Telly Inc (formerly Twitvid Inc) is a Kuwait based company that operates a video discovery platform and offers video streaming services in the Middle East and North Africa. The platform also features Bollywood films and locally produced content, TV shows and exclusive Original contents as well as Kuwaiti Short Films on their website.

History
Telly Inc, formerly Twitvid Inc, was founded in 2009 in the United States. The company primarily serves Saudi Arabia, Bahrain, the United Arab Emirates, Kuwait, Qatar, Oman, Lebanon, Jordan, Egypt, Morocco, Algeria, Tunisia, Iraq, and Yemen with local presence and offices in Kuwait & Dubai.

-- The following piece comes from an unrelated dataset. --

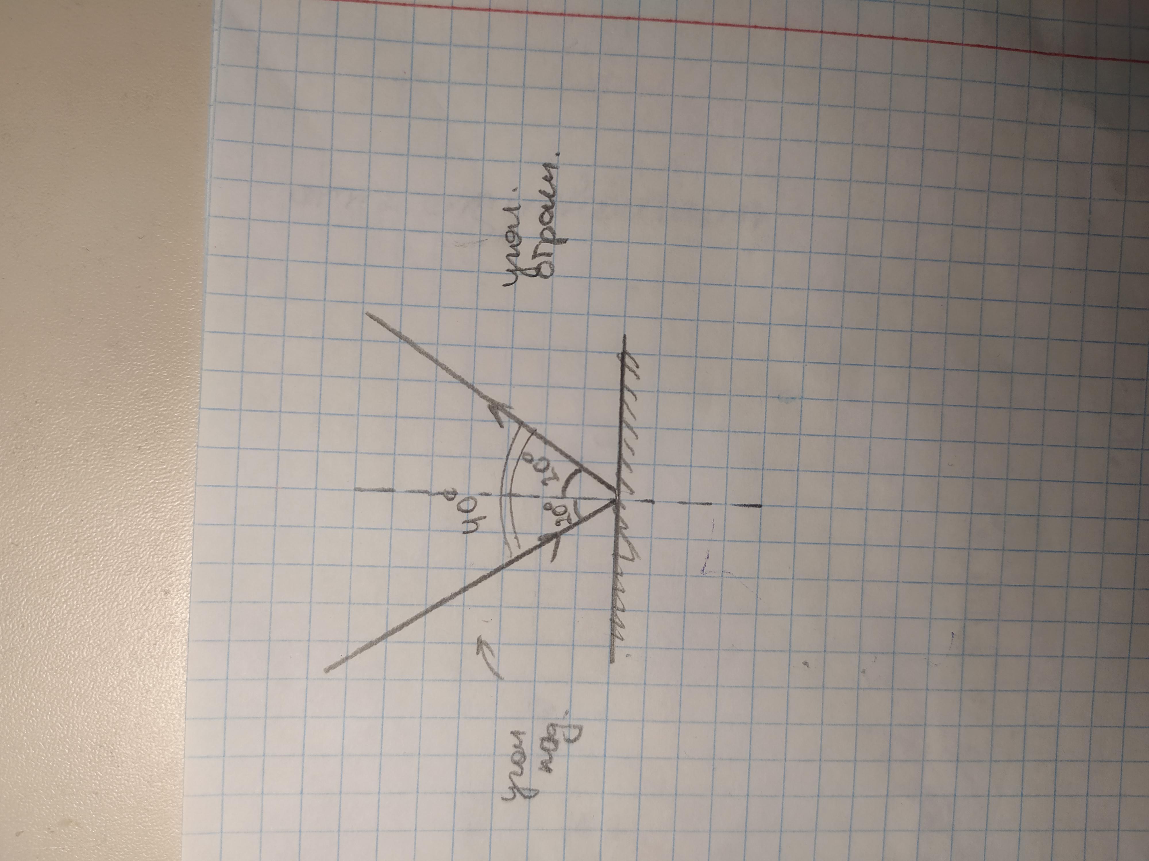Угол падения луча на зеркало 20°. Каков угол между лучом падающим и отраженным??

After its launch in 2012, Telly Plus made social recommendations for videos that a visitor's social contacts may have been watching. Telly claims to have had about 115 million views in February and has raised a cumulative of $20 million from different investors such as DFJ, Lumia Capital and Azure Capital with a majority stakes by Cinemagics in Kuwait, one of the leading production companies in the region, in a move to revolutionize and change the behavior of audience in the GCC region. With the knowledge that no one had yet cracked the video-on-demand market in the middle east, Telly Plus and Icflix became the main competitors when they entered a fragmented market affected by piracy and little investment yet with 14.5 million hours of videos are watched per day. Telly soon signed deals with Sony Pictures Television, Samsung mobile and Miramax as well as independent content owners for more than 1,000 television shows and films.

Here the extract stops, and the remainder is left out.